Legal Mumbo Jumbo

(Disclaimers, Terms & Conditions of Use, Confidentiality Agreement, Limitation of Liability, etc. - collectively: AGREEMENT with Ken Pellman regarding Internet / WWW / Usenet / Newsgroup / Comments / Discussions / Blogs / Instant Messages / Text Messages / E-mails, etc., a.k.a. "Don't attack my site, page, blog, Facebook, or Twitter account, steal from it, make unauthorized copies, try to get me fired from my job, assume we speak for anyone else, assume we agree with anyone else, take us to court for having a site or online presence, rely on this site or my online presence for important information, etc.")


INTRODUCTION


Some people have questioned the need for such a lengthy AGREEMENT, but we have found through experience that this AGREEMENT is indeed necessary for protection and clarification.




DEFINITION OF TERMS FOR THIS AGREEMENT


Defining these terms shall not limit their spirit or denotation, nor exclude their common denotation. Definitions are provided for the sake of clarity and emphasis.


For the purposes of this AGREEMENT:


"AGREEMENT" shall refer to the text of this page and the intended meaning(s) thereof.
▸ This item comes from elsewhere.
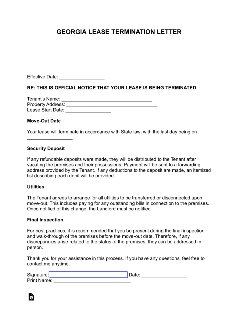 Georgia Lease Termination Letter Form – 30/60 Days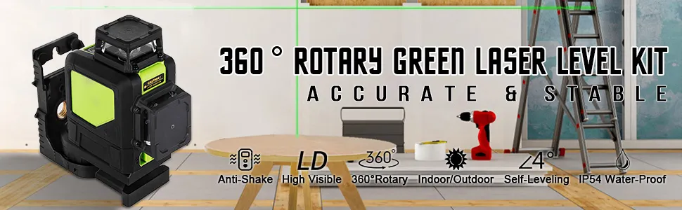 【360° ROATRY LASER LEVEL】- Advanced 360° rotary laser module, emit clear green beams. Wave length: 510nm. 8 line design, scan the construction area horizontally & vertically. The green beam accuracy: ±0.3mm/m. Make your work more precise.

"KEN PELLMAN", shall refer to a specific private, natural individual person, resident of Anaheim, California, U.S.A, citizen of The United States of America, known as Ken or Kenneth Pellman, and his usernames and handles. In this AGREEMENT and DOCUMENT, "I", "ME", "KEN", "HE", "HIS", and "MY" shall refer to KEN PELLMAN.


"CONTENT" shall include, but not me limited to: artwork, beliefs, comments, data, experiences, expressions, feelings, files, humor, ideas, images, information, items, materials, opinions, pages, pictures, policies, products, statements, terms, themes and/or thoughts.


"DOCUMENT" shall include, but is not limited to, Ken's Very Own Piece of the Web(TM) anything found at or on this site; anything with "http://www.Pellman.com", "http://www.Pellman.net", "http://www.Pellman.org", "http://www.kenversations.com", "http://www.kenversations.net", "http://www.flash.net/~kpellman", "http://home.flash.net/~kpellman", "http://kori-and-ken.blogspot.com", "http://pellman.blogspot.com", "http://www.facebook.com/pellman", or "http://www.twitter.com/pellman" as part of or the entirety of the Uniform Resource Locator (URL) at which it is found or anything uploaded, written, posted, transmitted, or copyrighted by "KEN PELLMAN", "Ken Pellman", "kpellman[at]flash[dot]net", "kpsfh@aol.com", "kpsfh[at]flash[dot]net", "kpellman[at]hwsys[dot]com", any of KEN PELLMAN's "flash.net" or "yahoo.com" accounts, texting accounts, instant messaging accounts, chats, discussion boards, or comment areas, or any variation, stage name, pseudonym, handle, or representation thereof; any CONTENT of such items.


"STORE AND/OR SHARE", and any varying form or tense thereof, shall include, but not be limited to: alter, archive, bookmark, communicate, convey, copy, disclose, discuss, display, disseminate, distribute, document, download, duplicate, file, pass, perform, photograph, post, print, read, record, relay, release, reproduce, republish, retain, reveal, summarize, transfer, transmit, and/or upload.


"USING", and any varying form or tense thereof, shall include, but not be limited to: accessing, downloading, experiencing, listening to, reading, receiving, STORING AND/OR SHARING, viewing, and/or visiting.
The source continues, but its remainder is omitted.